- Chapitre 1 : Hiérarchie et âge en Corée du Sud : des codes sociaux essentiels
- Chapitre 2 : Ne pas perdre la face en Corée du Sud : un principe social fondamental
- Chapitre 3 : Le service militaire en Corée du Sud
- Chapitre 4 : La religion en Corée du Sud
- Chapitre 5 : Relations hommes-femmes en Corée du Sud : entre traditions et inégalités
- Chapitre 6 : Alcool et cigarette en Corée du Sud : des piliers de la vie sociale
- Chapitre 7 : Éducation en Corée du Sud : pression scolaire et compétition extrême
- Chapitre 8 : Le culte de la beauté en Corée du Sud
La religion en Corée du Sud
Au cours du dernier recensement du KOSIS (Korean Statistical Information Service), fait en 2015, 27 % de la population globale, soit environ 13,5 millions de personnes, se disaient chrétiennes, dont 7,9 % catholiques et 19,7 % protestantes. 15,5 %, soit 7,6 millions de personnes se disaient bouddhistes et 0,8 % appartenaient à d’autres religions. 56,1 % de la population globale se disait, quant à elle, non affiliée à une religion.
Si on regarde des sondages plus récents, mais issus d’instituts de sondage privé, on retrouve des tendances similaires en 2025. Lors de la dernière enquête sur la perception religieuse en 2025 faite par HRC Opinion, 20% de la population totale se déclarait protestante, 11% catholique, 16% bouddhiste, 1% pratiquait d’autres religions et 51% de la population globale se disait, non affiliée à une religion.
Le christianisme est donc la religion majoritaire en Corée du Sud, suivi du bouddhisme.
Dans la catégorie autres religions, on retrouve notamment, le Confucianisme, le chamanisme (pratique religieuse traditionnelle en Corée) et d’autres formes de bouddhisme.
Les autres grandes religions comme l’Islam ou le judaïsme sont encore assez peu représentées, car elles sont pratiquées, la plupart du temps, par les immigrés. Le pays compte quand même plusieurs mosquées, dont une à Séoul, dans le quartier d’Itaewon.
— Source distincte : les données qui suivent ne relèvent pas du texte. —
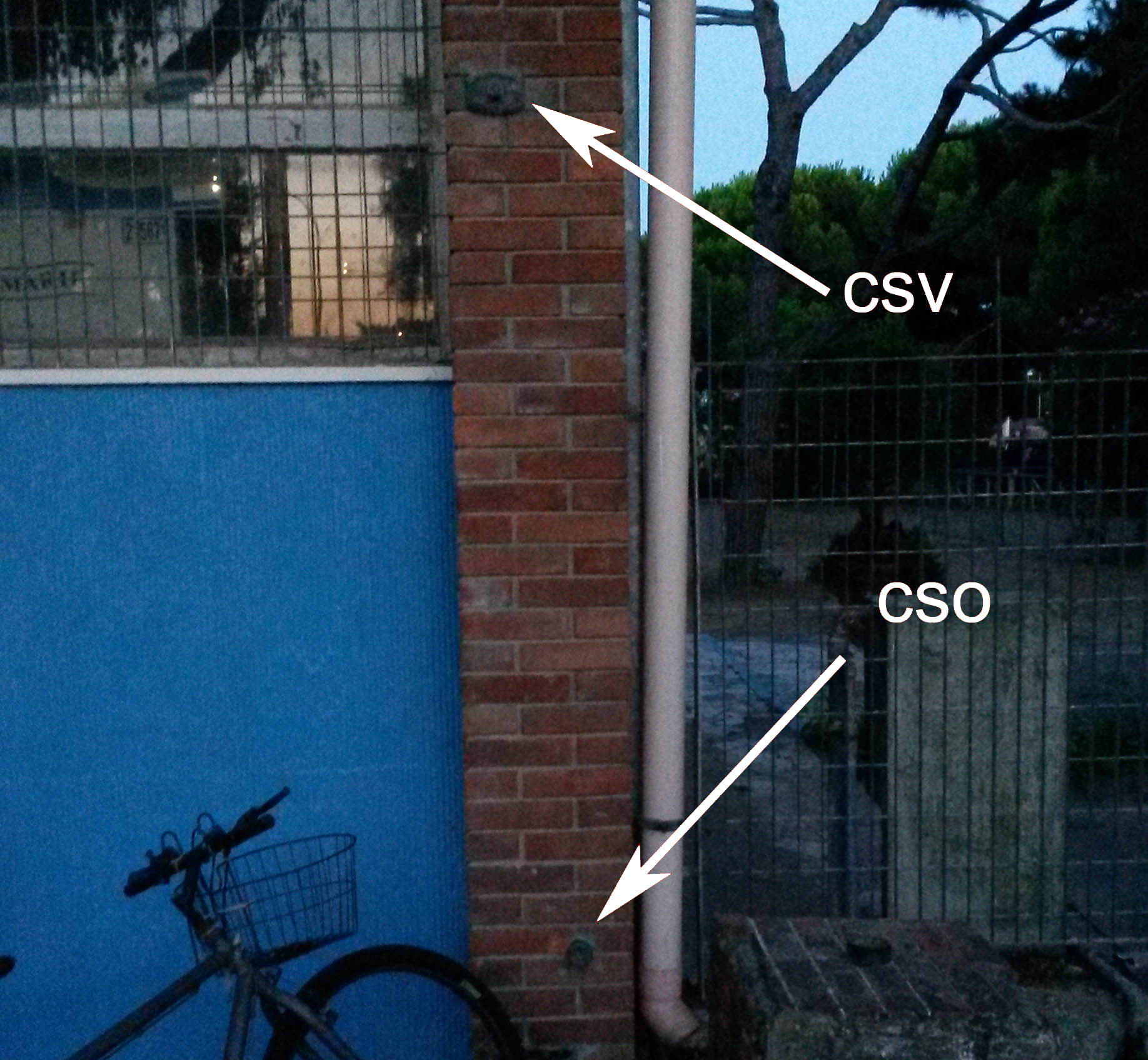 (CSO') - Centrino anonimo infisso sulla sommità del cordolo di recinzione, a 1,5 m dallo spigolo destro dell'edificio.

La religion n’est globalement pas vraiment un sujet sensible et la liberté de culte est très bien établie en Corée du Sud, ce qui entraîne parfois des dérives.
Les dérives sectaires en Corée du Sud
En plus des religions principales présentes en Corée et citées plus haut, il existe également un très grand nombre de nouveaux mouvements religieux assez influents dans la société et qui sont parfois tout simplement des sectes.
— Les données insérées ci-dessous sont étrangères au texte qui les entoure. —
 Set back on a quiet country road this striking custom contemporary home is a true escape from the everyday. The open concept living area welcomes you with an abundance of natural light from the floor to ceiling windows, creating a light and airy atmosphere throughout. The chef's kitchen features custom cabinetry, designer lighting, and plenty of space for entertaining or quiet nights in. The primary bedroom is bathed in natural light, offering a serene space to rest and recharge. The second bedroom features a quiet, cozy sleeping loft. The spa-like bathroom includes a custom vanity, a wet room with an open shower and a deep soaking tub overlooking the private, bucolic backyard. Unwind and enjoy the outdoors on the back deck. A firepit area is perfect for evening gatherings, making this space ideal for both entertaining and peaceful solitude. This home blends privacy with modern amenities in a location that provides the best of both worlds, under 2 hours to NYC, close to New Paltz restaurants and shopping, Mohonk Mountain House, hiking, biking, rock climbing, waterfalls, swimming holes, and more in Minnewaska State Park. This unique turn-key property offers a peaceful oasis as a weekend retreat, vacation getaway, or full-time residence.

Ces groupes religieux ou sectes font très régulièrement la une des médias, notamment pour des problèmes de détournement de fonds, de corruption, d’agressions sexuelles, etc. Plusieurs de ces mouvements ont notamment été à l’origine de foyers de contamination au début de la pandémie de Covid-19.
Une des plus connues est sans doute la secte Moon, appelée aussi Fédération des familles pour la paix mondiale et l’unification, ou plus simplement Église de l’Unification, créée en 1954.
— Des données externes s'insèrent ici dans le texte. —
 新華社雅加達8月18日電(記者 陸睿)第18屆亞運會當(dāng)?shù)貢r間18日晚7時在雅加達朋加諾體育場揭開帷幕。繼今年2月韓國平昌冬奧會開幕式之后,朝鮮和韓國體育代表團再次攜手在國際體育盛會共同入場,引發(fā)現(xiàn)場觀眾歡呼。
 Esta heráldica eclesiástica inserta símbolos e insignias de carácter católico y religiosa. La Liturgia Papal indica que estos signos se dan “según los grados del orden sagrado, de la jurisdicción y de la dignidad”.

Vous pouvez observer nombre de ces groupes faire du prosélytisme dans les rues du pays. Il n’est pas rare de se faire aborder par certains qui essaieront de vous faire rejoindre leurs mouvements. Ces approches sont faites de manière très subtile et stratégique, en vous proposant, par exemple, des activités ou des visites culturelles. On ne s’en rend pas toujours compte sur le moment, il faut donc faire un peu attention. Dites-vous qu’en Corée, il est assez rare qu’on vous aborde dans la rue pour vous faire des propositions ; si ça vous arrive, c’est possible que ce soit une secte.